Data for this task:
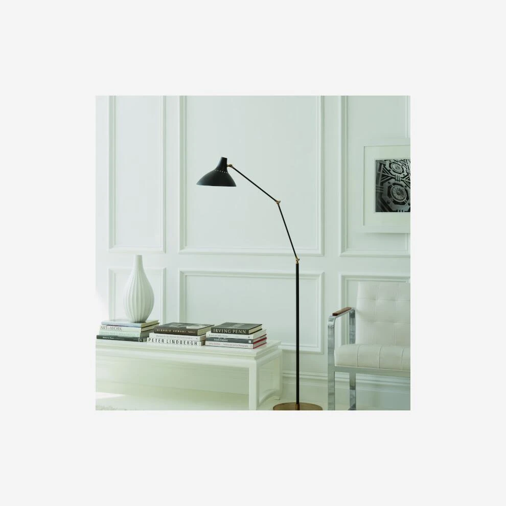 Charlton Floor Lamp, Black And Hand-Rubbed Antique Brass
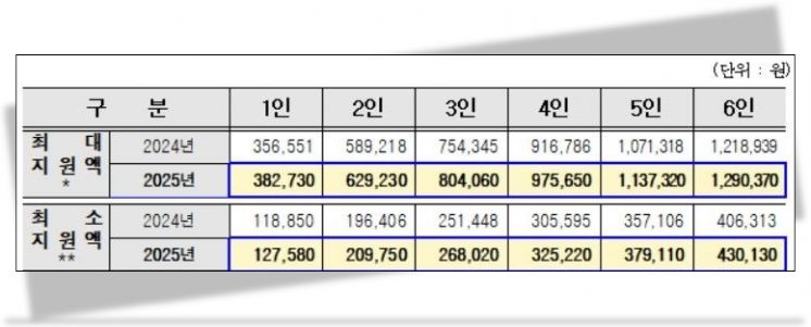 2025년 서울형 기초보장제도 지원금액. 서울시 제공
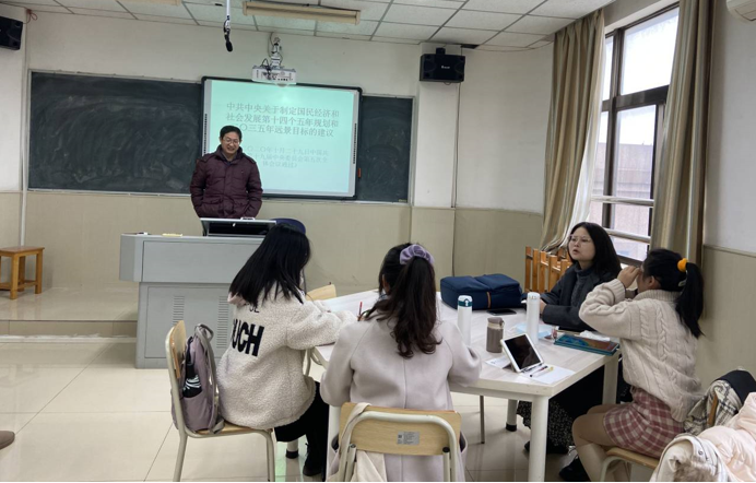 12月10日,副经理谢家成在11教501室为研究生宣讲了党的十九届五中全会精神,进一步提升了研究生的思想觉悟,增强了他们对全面建设社会主义现代化国家的信心。
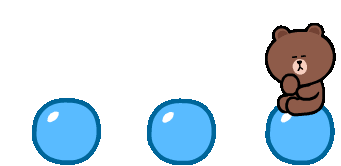 Brown bear character sits on a blue bubble, looking thoughtful or confused, with two other bubbles nearby.
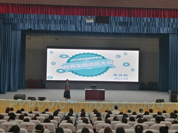 4月23日,师范教育系在艺术中心召开2020级学前教育专业教育实践动员大会。会议由学前教育专业教研室主任王其红主持。教务秘书肖文婷、2020级学前教育专业学生参会。
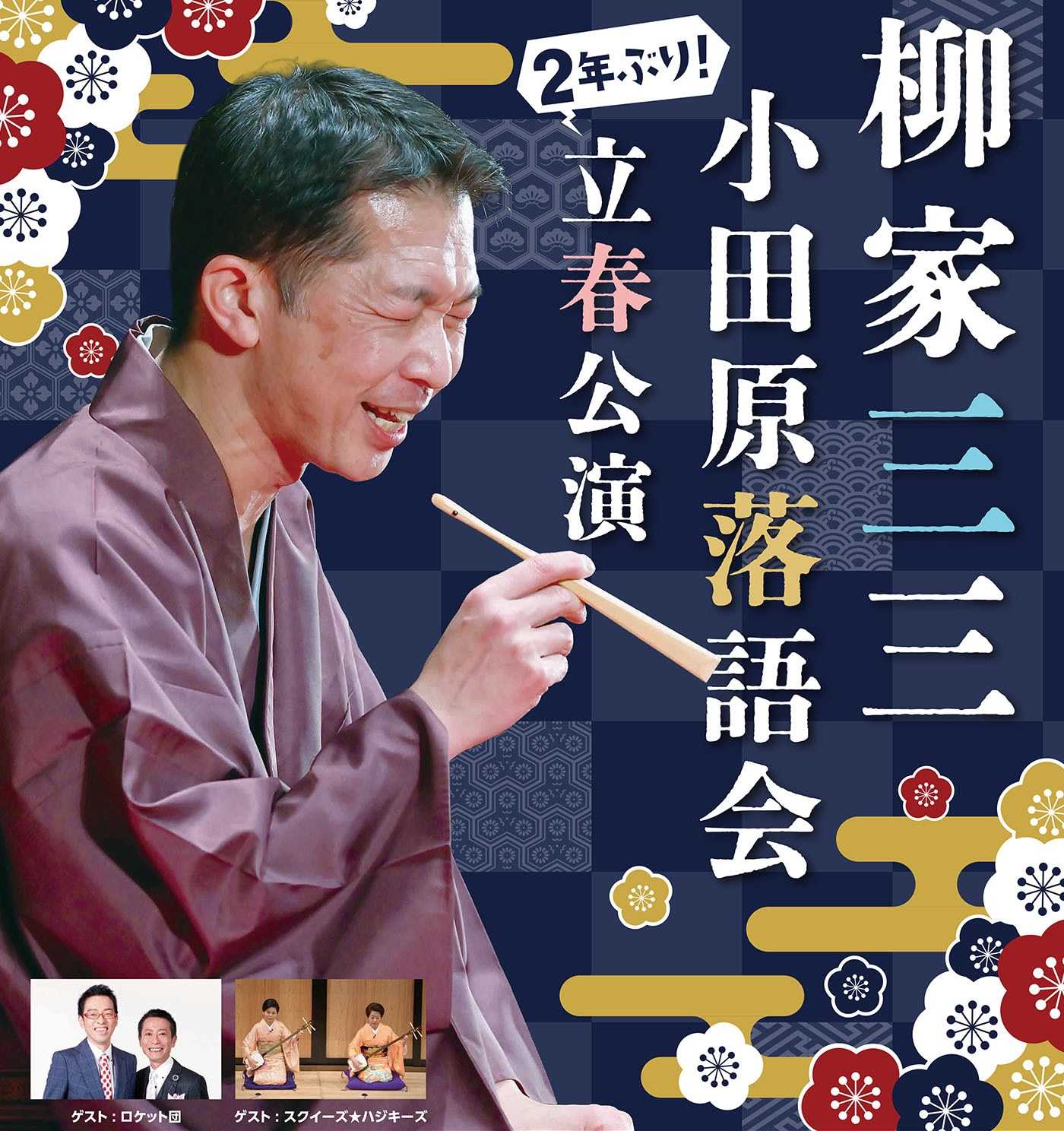 | ●柳家三三 小田原落語会 立春公演 | 2月8日(日)13:30 | 大ホール | 柳家三三(落語・小田原ふるさと大使) ロケット団(漫才)、スクイーズ★ハジキーズ(長唄三味線/お囃子) |

Try it:
Print the whole listing exactly, please, and keep any images out of it.

Answer for the task:
 Charlton Floor Lamp, Black And Hand-Rubbed Antique Brass
 2025년 서울형 기초보장제도 지원금액. 서울시 제공
 12月10日,副经理谢家成在11教501室为研究生宣讲了党的十九届五中全会精神,进一步提升了研究生的思想觉悟,增强了他们对全面建设社会主义现代化国家的信心。
 Brown bear character sits on a blue bubble, looking thoughtful or confused, with two other bubbles nearby.
 4月23日,师范教育系在艺术中心召开2020级学前教育专业教育实践动员大会。会议由学前教育专业教研室主任王其红主持。教务秘书肖文婷、2020级学前教育专业学生参会。
 | ●柳家三三 小田原落語会 立春公演 | 2月8日(日)13:30 | 大ホール | 柳家三三(落語・小田原ふるさと大使) ロケット団(漫才)、スクイーズ★ハジキーズ(長唄三味線/お囃子) |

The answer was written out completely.